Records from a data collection
+===+

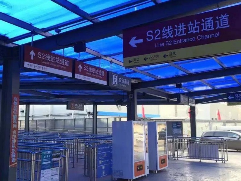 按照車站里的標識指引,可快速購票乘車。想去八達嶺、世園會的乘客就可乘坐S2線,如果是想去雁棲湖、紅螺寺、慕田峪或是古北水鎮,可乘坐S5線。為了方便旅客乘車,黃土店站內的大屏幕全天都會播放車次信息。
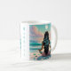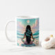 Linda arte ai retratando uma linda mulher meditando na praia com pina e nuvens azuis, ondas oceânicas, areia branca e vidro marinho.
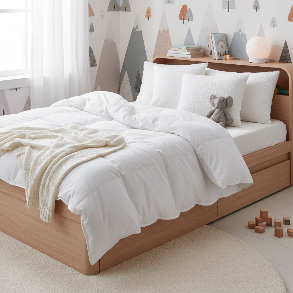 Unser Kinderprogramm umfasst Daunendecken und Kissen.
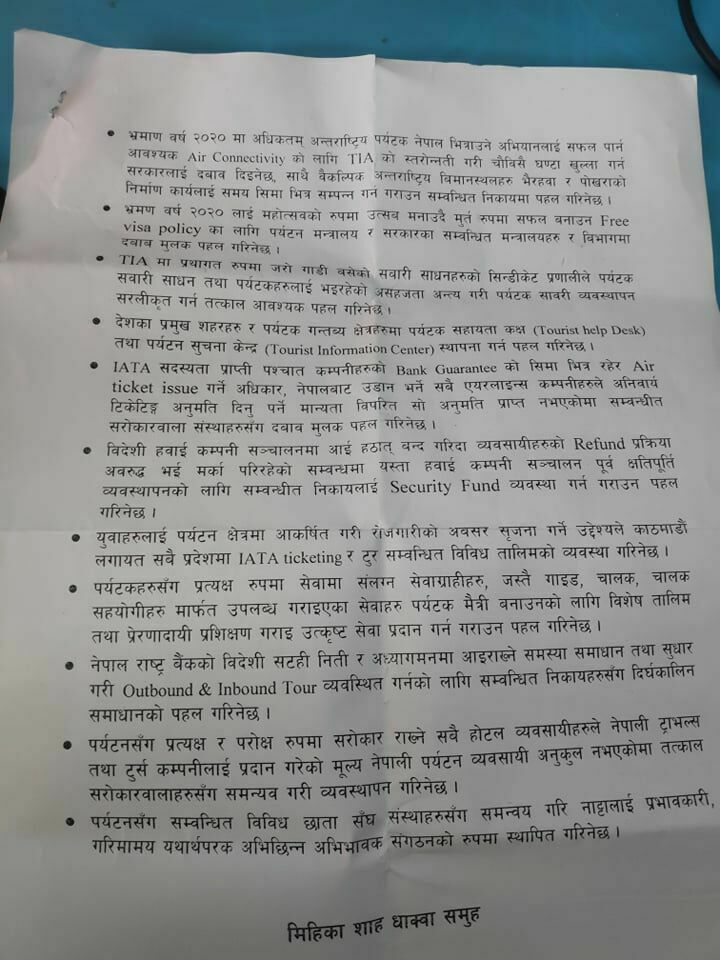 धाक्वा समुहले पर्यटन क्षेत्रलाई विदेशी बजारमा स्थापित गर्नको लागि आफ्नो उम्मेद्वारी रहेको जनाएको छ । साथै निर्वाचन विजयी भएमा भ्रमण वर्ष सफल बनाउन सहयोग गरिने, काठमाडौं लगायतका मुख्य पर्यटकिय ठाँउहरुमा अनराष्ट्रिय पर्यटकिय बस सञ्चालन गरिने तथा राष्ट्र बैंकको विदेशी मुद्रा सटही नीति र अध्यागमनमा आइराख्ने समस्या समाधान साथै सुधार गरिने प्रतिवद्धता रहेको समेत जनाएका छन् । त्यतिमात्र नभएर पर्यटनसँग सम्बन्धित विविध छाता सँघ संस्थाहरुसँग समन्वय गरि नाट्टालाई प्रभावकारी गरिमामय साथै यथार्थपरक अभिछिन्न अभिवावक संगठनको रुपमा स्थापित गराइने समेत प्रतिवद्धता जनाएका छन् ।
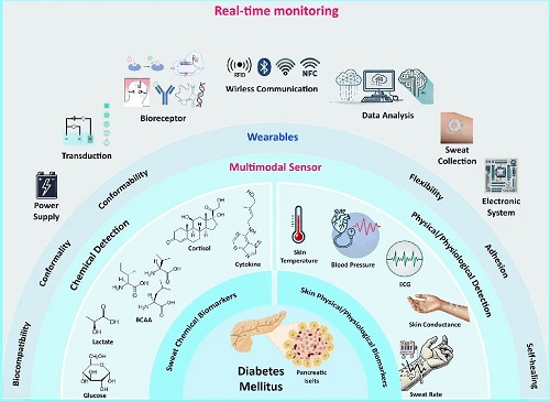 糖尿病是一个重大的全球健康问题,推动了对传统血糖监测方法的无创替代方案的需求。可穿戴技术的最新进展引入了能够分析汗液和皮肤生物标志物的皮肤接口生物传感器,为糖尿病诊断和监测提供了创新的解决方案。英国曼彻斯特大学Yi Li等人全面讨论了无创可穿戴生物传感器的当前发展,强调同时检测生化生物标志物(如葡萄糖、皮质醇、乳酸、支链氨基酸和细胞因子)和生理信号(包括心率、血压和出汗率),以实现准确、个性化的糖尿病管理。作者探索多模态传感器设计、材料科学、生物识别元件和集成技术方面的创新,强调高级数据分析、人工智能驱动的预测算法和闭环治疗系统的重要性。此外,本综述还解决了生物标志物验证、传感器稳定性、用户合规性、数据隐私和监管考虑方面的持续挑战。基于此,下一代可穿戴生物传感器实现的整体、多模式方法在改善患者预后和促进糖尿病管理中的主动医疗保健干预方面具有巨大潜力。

+===+

WHAT NEEDS TO BE DONE> Please retype only the lines from the line that holds "धाक्वा समुहले पर्यटन" through the end of the records, exactly as they stand, and drop every picture.

SOLUTION>
 धाक्वा समुहले पर्यटन क्षेत्रलाई विदेशी बजारमा स्थापित गर्नको लागि आफ्नो उम्मेद्वारी रहेको जनाएको छ । साथै निर्वाचन विजयी भएमा भ्रमण वर्ष सफल बनाउन सहयोग गरिने, काठमाडौं लगायतका मुख्य पर्यटकिय ठाँउहरुमा अनराष्ट्रिय पर्यटकिय बस सञ्चालन गरिने तथा राष्ट्र बैंकको विदेशी मुद्रा सटही नीति र अध्यागमनमा आइराख्ने समस्या समाधान साथै सुधार गरिने प्रतिवद्धता रहेको समेत जनाएका छन् । त्यतिमात्र नभएर पर्यटनसँग सम्बन्धित विविध छाता सँघ संस्थाहरुसँग समन्वय गरि नाट्टालाई प्रभावकारी गरिमामय साथै यथार्थपरक अभिछिन्न अभिवावक संगठनको रुपमा स्थापित गराइने समेत प्रतिवद्धता जनाएका छन् ।
 糖尿病是一个重大的全球健康问题,推动了对传统血糖监测方法的无创替代方案的需求。可穿戴技术的最新进展引入了能够分析汗液和皮肤生物标志物的皮肤接口生物传感器,为糖尿病诊断和监测提供了创新的解决方案。英国曼彻斯特大学Yi Li等人全面讨论了无创可穿戴生物传感器的当前发展,强调同时检测生化生物标志物(如葡萄糖、皮质醇、乳酸、支链氨基酸和细胞因子)和生理信号(包括心率、血压和出汗率),以实现准确、个性化的糖尿病管理。作者探索多模态传感器设计、材料科学、生物识别元件和集成技术方面的创新,强调高级数据分析、人工智能驱动的预测算法和闭环治疗系统的重要性。此外,本综述还解决了生物标志物验证、传感器稳定性、用户合规性、数据隐私和监管考虑方面的持续挑战。基于此,下一代可穿戴生物传感器实现的整体、多模式方法在改善患者预后和促进糖尿病管理中的主动医疗保健干预方面具有巨大潜力。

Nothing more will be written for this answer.